First, in McCollough v. Smarte Carte, Inc. (N.D. Ill. 2016), plaintiffs sued a locker and luggage cart rental service that utilizes fingerprints to control access to the equipment. The court dismissed the claim, stating that the plaintiff must have known that the defendant was storing the information (since she used her thumbprint to get into her locker), and that there was no risk the information would be disclosed.

Following that decision, a court also declined to recognize standing in Vigil v. Take-Two Interactive Software, Inc. (S.D.N.Y. 2017). Here, plaintiffs sued over the storage of facial scans used to create digital avatars for the video game NBA 2K15. Utilizing a two-step, Second Circuit framework, the court held that the privacy concerns implicated by the statute were not at issue, as there was no risk that the information would be disclosed. Mere storage was consistent with how the plaintiffs expected the data to be used and could not confer standing.

But in Monroy v. Shutterfly, Inc. (N.D. Ill. 2017), a court held that where the plaintiff had never used Shutterfly, he did not consent to the storage of his facial geometry for tagging purposes. This distinguished the prior cases, holding that ignorance as to the fact that personal data is even being collected can create a concrete privacy injury.

Apart from standing, plaintiffs also must show that the activity is geographically covered by Illinois law. In Rivera v. Google Inc. (N.D. Ill. 2017), Google challenged whether the Act covered face templates used to find and group together photographs of people taken on Droid smartphones. Because these issues occur on the “cloud”—and don’t necessarily involve a specific location within Illinois—there is some dispute as to where the harm occurred, and imposing liability for photographs with tenuous connections to Illinois will make Google comply with the Act nationwide, potentially violating the Commerce Clause by interfering with other states’ rights to regulate the internet.
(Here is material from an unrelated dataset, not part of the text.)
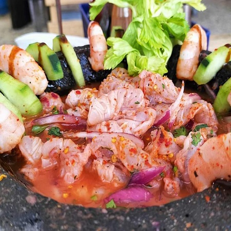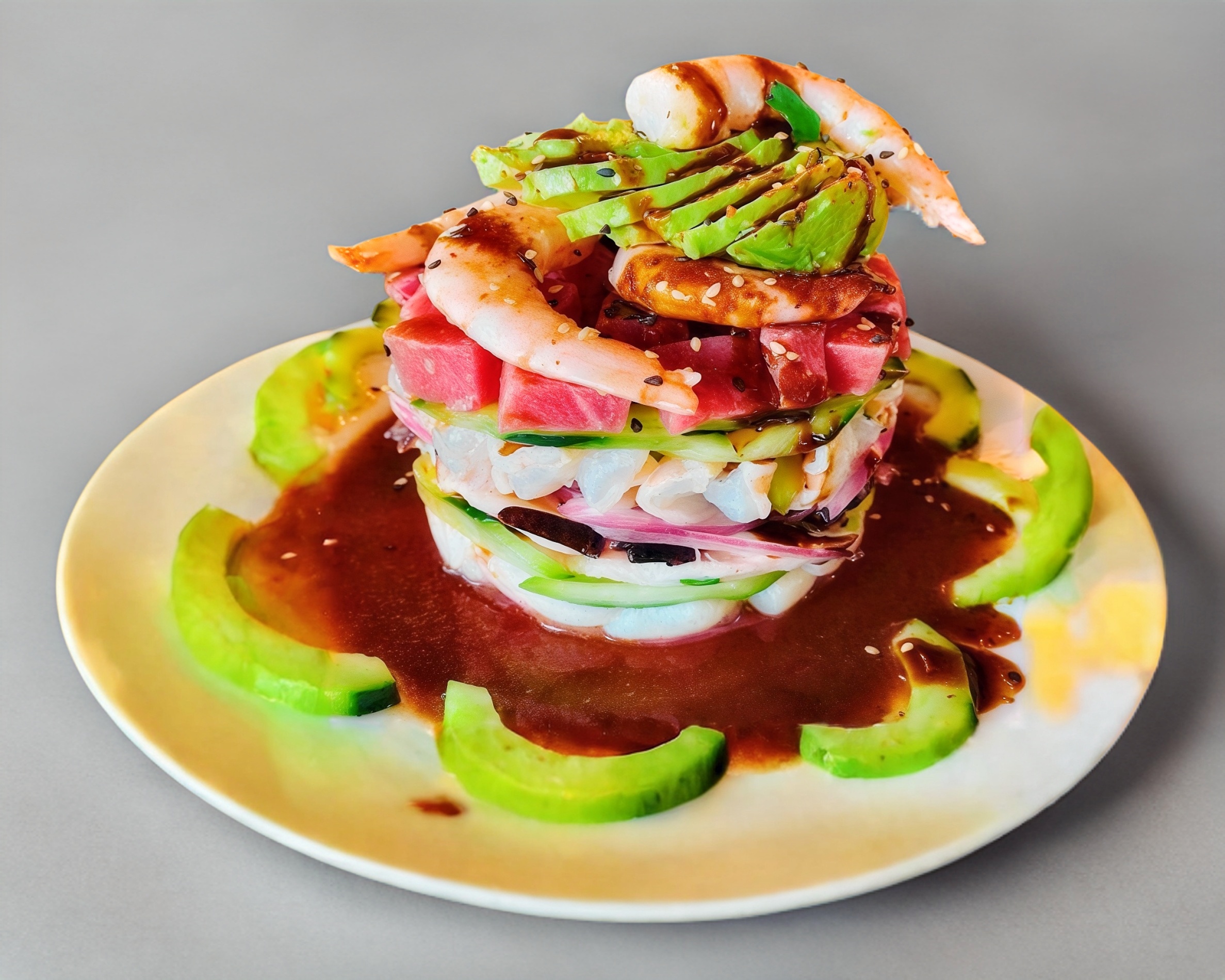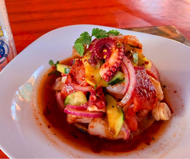 Base de ceviche de camarón con pescado., relleno con una mezcla de camarón crudo, camarón cocido, pulpo, atún, camarón con cabeza, pepino, cebolla morada, y salsa de la casa

Because Illinois uses a circumstantial, factor-based test to address the extraterritoriality, the court declined to decide these issues without factual discovery about the creation of the data and the location of consent, leaving these questions open for future resolution.

The list of defendants in Illinois courts illustrates the breadth of the Act: hotels, tanning salons, steel and manufacturing companies, Snapchat, food service providers, and bars have all been sued. Complicating matters, more states are considering similar laws, which companies are fighting vigorously. And while a congressional solution could address the Commerce Clause and consumer protection issues, Congress has not really looked into this issue since 2014. In light of the Equifax breach, however, there is some thought that Congress should do away with Social Security numbers altogether and replace them with biometric information, which would lead to an even greater need for regulation to protect consumers’ privacy interests. Recognizing this importance, states probably are not going to do away with their statutes. And given that companies gain significant value from this information, the collection, use, regulation, and subsequent litigation in this field probably are not going to go away either. Federal courts are thus going to have to resolve these issues or face kicking the can to state courts to play the major role in regulating some of the U.S. economy’s largest actors.